Die Fehlerfälle sind schlimmer, als man erwartet. Die Löschung ist unumkehrbar. Sie nimmt deine eSIMs mit, was dich in einem fremden Land ohne Verbindung dastehen lassen kann. Muskelgedächtnis unter Stress ist unzuverlässig, und der falsche Finger auf der falschen Ziffer im falschen Moment endet gleich, ob du es wolltest oder nicht.

Die Funktion eingerichtet zu haben, ist nicht dasselbe wie sie zu benutzen. Nichts in diesem Fall deutet darauf hin, dass allein das Einrichten ein Problem wäre. Die vorgeworfene Handlung war die Eingabe, nachdem die Beamten Zugriff verlangt hatten.

Was du stattdessen tun solltest

  1. Nimm die Daten nicht mit. Darum geht es im Kern, und der Grenz-Guide behandelt das ausführlich. Alles andere auf dieser Liste ist ein Rundungsfehler daneben.
  2. Starte das Gerät neu, bevor du am Schalter stehst. Ein langer Druck versetzt das Handy in Before First Unlock, kostenlos, unsichtbar und ohne dass es später etwas von dir verlangt.
  3. Verkürze das Zeitfenster für den automatischen Neustart. Wird ein Gerät im gesperrten Zustand beschlagnahmt, sorgt ein 30-Minuten-Timer dafür, dass es sich abriegelt, lange bevor jemand es in ein Labor bringt.
  4. Lass USB im gesperrten Zustand auf reines Laden gestellt. Ein angestecktes Handy sollte mit gar nichts sprechen können.
  5. Nutze ein Passwort, nicht dein Gesicht. Die Lage beim Fifth Amendment ist für auswendig gelernte Passwörter umstritten, aber real. Für Biometrie ist sie deutlich schwächer, und ein Fingerabdruck lässt sich auch ohne deine Mitwirkung abnehmen.
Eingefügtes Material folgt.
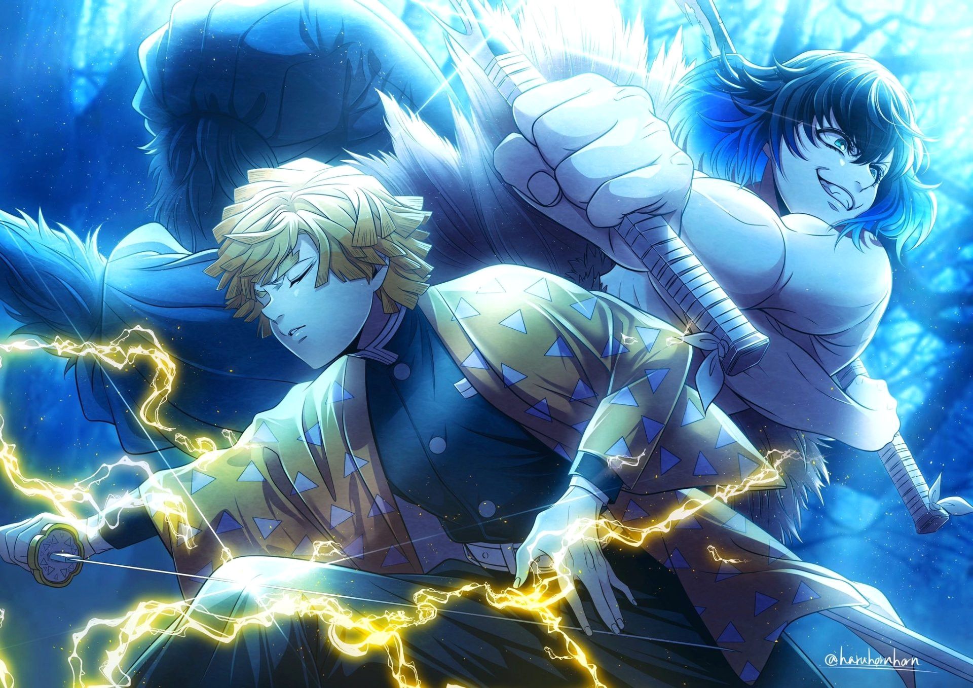 Demon Slayer Trio Wallpaper Tanjiro, inosuke & zenitsu by rwero wallpaper background image. 3840x2160 demon slayer trio in 4k: This image features the three protagonists from the anime ‘demon slayer: bring the world of demon slayer to your desktop with this stunning 4k wallpaper featuring tanjiro, zenitsu, and inosuke. tons of awesome demon slayer trio wallpapers to download for free. You. Demon Slayer Trio Wallpaper.

Wenn du ein gehärtetes Android als tägliches Gerät nutzt, gilt dieselbe Logik schärfer, nicht schwächer. Lies den Guide zur vollständigen Festplattenverschlüsselung dazu, was Verschlüsselung im Ruhezustand leistet und was nicht, und sieh dir unsere Auswahl an mobilen Betriebssystemen an, falls du dich gerade für eine Plattform entscheidest.

Was daraus zu lernen ist

Die technischen Schutzmechanismen in einem modernen gehärteten Handy sind wirklich hervorragend. Gegen Diebe, gegen Angreifer aus der Ferne, gegen gewöhnliche forensische Werkzeuge halten sie stand.

Was sie nicht können, ist ein rechtliches Problem lösen. Und ausgerechnet die Funktion, die die meiste Aufmerksamkeit bekommt, die dir einen Ausweg in letzter Sekunde verspricht, ist die einzige, die von dir eine unumkehrbare Entscheidung im denkbar schlechtesten Moment verlangt, vor den Augen der Person, die du damit aufhalten willst.

Datenschutz, der davon abhängt, dass du alles richtig machst, während du verängstigt, übermüdet und in der Unterzahl bist, ist kein Plan. Er ist eine Wette. Die Schutzmaßnahmen, die etwas wert sind, sind die, die schon greifen, bevor du an den Schalter trittst. Genau deshalb ist der richtige Zeitpunkt für all das der, an dem du dein Bedrohungsmodell festlegst, und nicht der, an dem jemand nach deinem Handy fragt.